К Бетховену у Петра Ильича было весьма интересное отношение, и понять его истинные чувства не так просто. Мы попробуем начать с его мыслей, которые он изложил, пройдя уже солидный музыкальный путь.
В 1886 году Чайковский жил в нанятом им доме в селе Майданове под Клином. Наступила осень — любимая пора Петра Ильича. Погода, правда, была неважная, частенько моросил дождь, но все-таки иногда проглядывало солнышко и проявлялась вся радость красок подмосковной осени, которая вместе с бодрящей прохладой второй половины сентября тянула к размышлениям. К тому же дачники, постоянно мешавшие своим хождением по парку, где рядом с другими дачами находился его дом, разъехались, и теперь ему никто не мешал. Гостей в ближайшие несколько дней не ожидалось. 20 сентября в своем столь желанном одиночестве он сел за дневник и сделал в нем довольно странную и любопытную запись:
"Вероятно, после моей смерти будет небезынтересно знать, каковы были мои музыкальные пристрастия и предубеждения, тем более что я редко высказывался в устном разговоре… Начну с Бетховена, которого принято безусловно восхвалять и повелевается покланяться ему как богу. Итак, каков для меня Бетховен? Я преклоняюсь перед величием его некоторых произведений — но я не люблю Бетховена. Мое отношение к нему напоминает мне то, что я в детстве испытывал насчет бога Саваофа. Я питал (да и теперь чувства мои не изменились) к нему чувство удивления, но вместе и страха…""84. (Здесь и далее подчеркнутое не выделяется).

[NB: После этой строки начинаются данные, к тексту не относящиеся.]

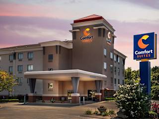 Die 75 Nichtraucherzimmer des Comfort Suites Hotels erstrecken sich über 4 Etagen und sind bequem mit dem Aufzug erreichbar. Das freundliche Personal an der Rezeption steht Ihnen gerne zur Verfügung und das Hotel bietet verschiedene Einrichtungen wie einen Safe, einen Wäscheservice, einen Konferenzraum und eine Münzwäscherei. WLAN steht in der Unterkunft kostenlos zur Verfügung und es gibt auch rollstuhlgerechte Einrichtungen. Kostenfreie Parkplätze stehen für die Gäste zur Verfügung und eine kostenlose Tageszeitung wird angeboten.

Тут Чайковский остановился и задумался о Моцарте, начав было писать славословие в его адрес, затем спохватился и вернулся к продолжению своих размышлений о Бетховене:
"Не умею рассуждать о музыке, — поскромничал автор многочисленных и прекрасных музыкальных фельетонов в "Русских ведомостях", — и в подробности не вхожу. Однако отмечу две подробности: 1) В Бетховене я люблю средний период, иногда первый, но, в сущности, ненавижу последний, особенно последние квартеты. Есть тут проблески — не больше. Остальное хаос, над которым носится дух этого музыкального Саваофа"85.

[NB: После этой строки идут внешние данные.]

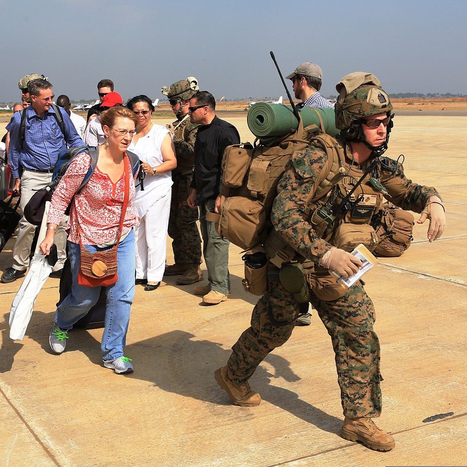 Following calls from the government of South Sudan, Uganda deployed its troops to Juba to assist in securing the airport and evacuating Ugandan citizens. On 21 December a flight of three US Air Force V-22 Ospreyaircraft en route to evacuate US nationals from Bor took small arms fire from the ground, injuring four Navy SEALs. South Sudan blamed the rebels for the incident. A second evacuation attempt by four UN and civilian helicopters succeeded in evacuating about 15 US nationals, Sudanese-Americans and those working in humanitarian operations, from the United Nations base in Bor on 22 December. Although the base was surrounded by 2,000 armed youths, a rebel commander had promised safe passage for the evacuation. In total 380 officials and private citizens as well as about 300 foreign citizens were flown to Nairobi. The United States military announced a repositioning of its forces in Africa to prepare for possible further evacuations as the United Nations warned of the planned strikes. Many of these reports have come from the hundreds of foreign oil company employees gathered at the airport to leave. Five Ugandan and ten Kenyan citizens were also evacuated from Bor and then Juba before leaving the country. The Kenyan government said that there were 30,000 of its nationals in the country and that 10,000 had applied for emergency documents.

Вторая подробность опять касается любимого Моцарта, и мы к ней еще вернемся: с Моцартом дело обстоит у Чайковского гораздо проще, а вот приведенное выше высказывание о Бетховене заставляет поломать голову.
Друзья Петра Ильича — те, кто имел возможность и достаточные знания для разговоров о музыке, в частности Г. А. Ларош и Н. Д. Кашкин, — единодушно отмечают, что Чайковский питал к Бетховену благоговение. Кашкин так прямо писал, что Петр Ильич "преклонялся" перед Бетховеном. Ларош, осторожный и многословный литератор, отмечая это "благоговение", пояснял, что оно было весьма отличным от той восторженной любви, от того деятельного культа, предметом которого был у него Моцарт. Мало того, Ларош, пытаясь оправдать незаконченность своей мысли, допустил несколько пренебрежительное замечание насчет того, что Петр Ильич в своих печатных трудах высказывался "осторожно и бесцветно" 86. И эту его небрежность не спасает вполне справедливое дополнение о том, что Петр Ильич в своих статьях передавал мнения, освященные авторитетом большинства. Ларош сделал это дополнение, основываясь не только на том, что Петр Ильич часто советовался с ним и с другими "авторитетами", но и на высказываниях Чайковского в его музыкальных фельетонах, о которых упоминалось в главе "Непонятый Брамс". Но сколько бы мы ни старались приблизиться к истине и оправдать мнение Лароша, вряд ли это полностью удастся. Прежде всего при чтении музыкальных фельетонов Чайковского никак не складывается впечатление об их осторожности и бесцветности. А в том, что касается Бетховена, Петр Ильич был особенно щедр на краски и восторги. Назвав музыкального Саваофа первым и гениальнейшим из всех композиторов, он сравнивает Бетховена с Микеланджело, считает его "Торжественную мессу" одним из гениальнейших произведений. В Третьей симфонии, по его мнению, "раскрылась впервые вся необъятная изумительная сила творческого гения Бетховена", Четвертую симфонию он называет "бесподобным, увлекательным, совершенным и по основным идеям и по форме сочинением", в котором содержится "неувядаемая свежесть, оригинальность в темпах и деталях". Что касается Пятой симфонии, то, отдавая ей все положенное, Петр Ильич признается, что в своей Четвертой симфонии он подражал основной идее Пятой Бетховена. Седьмую симфонию он считает великолепной, а ее знаменитое Andante характеризует как "обильный источник высших художественных наслаждений для всего цивилизованного мира". Восьмую симфонию он относит к числу недосягаемо великих произведений. И вообще Чайковский не знает, чему более удивляться: "богатству творческой фантазии Бетховена или совершенству формы, изумительному его мастерству?" 87.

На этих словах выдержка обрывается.